Some drives also deploy data compression algorithms in order to dial down the amount of data being written. The SSD controller is also associated with the job of error correction.
Unfortunately, not much is known about the delphic pieces of hardware that SSD controllers are since manufacturers have been wretched enough to not part with any secret. A major proportion of people flummox the IOPS, the type of NAND used, to be the key behind SSD performance but much NAND flash’s underlying performance is governed by the controller making them an even more substantial component.
Blooming days ahead?
With recent years witnessing a discernible fall in the prices of SSDs, we could well surmise that the future looks blinding bright for them but we shouldn’t remain oblivious of some facts such as the concern behind SSD longevity and data fades. It is quite overt that these issues have been perceptibly eradicated but the troubles are pestering to say the least. Another concern that could possibly pose a threat to the throne of SSDs is the fact that shrinking node size of NAND cells makes them more fragile owing to which both the data retention times and write performance are consequentially lower for 20nm NAND as compared to a 40nm one. The capacity of SSDs were a debated issue a year ago but they have vanished since the introduction of X-Point 3D NAND in the SSD market which could prove to be a pioneering fix to all the worries of SSD manufacturers.

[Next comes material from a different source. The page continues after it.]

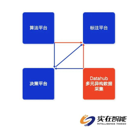 首先是云脑部分的起点——Data Hub多元异构数据平台,由它接触客户的业务系统,进行数据的采集以及进行简单的处理,并将处理过后的数据传输到标注平台,再由实在智能的业务专家,在标注平台进行业务能力的一个标注,实现人工智能的人工部分,通过标注过后的数据,再以在线的方式传输到算法平台,相当于人工智能有了数据的石油,算法平台里面可以进行数据的提炼(预处理),包括模型的构建、参数的设置、模型的训练以及最后的打包发布,可以将模型直接发布到决策平台,由决策平台来进行业务的对接以及模型的一个计算,决策平台会将后续从Data Hub过来的业务环境的数据进行一个模型的计算,最终输出计算结果或者是决策方案,然后由这个方案发布送到Commander来调度具体的Bot来进行根据决策进行相应的一个执行。

NAND is deduced to defend its title of ‘King of the Hill’ for another 4-5 years with technologies such as Magnetic RAM and phase change memory already approaching. Though both are still in early phases of their development and barely pose any major alarm to SSD manufacturers since they are yet to overcome countless hurdles before running on our desks and leaving us in awe.
Currently, SSDs are unarguably the best money can buy as far as speed is concerned and if you haven’t got yours yet, now would be the perfect time to grab one here considering the prices have dropped to an abominable low in the recent years.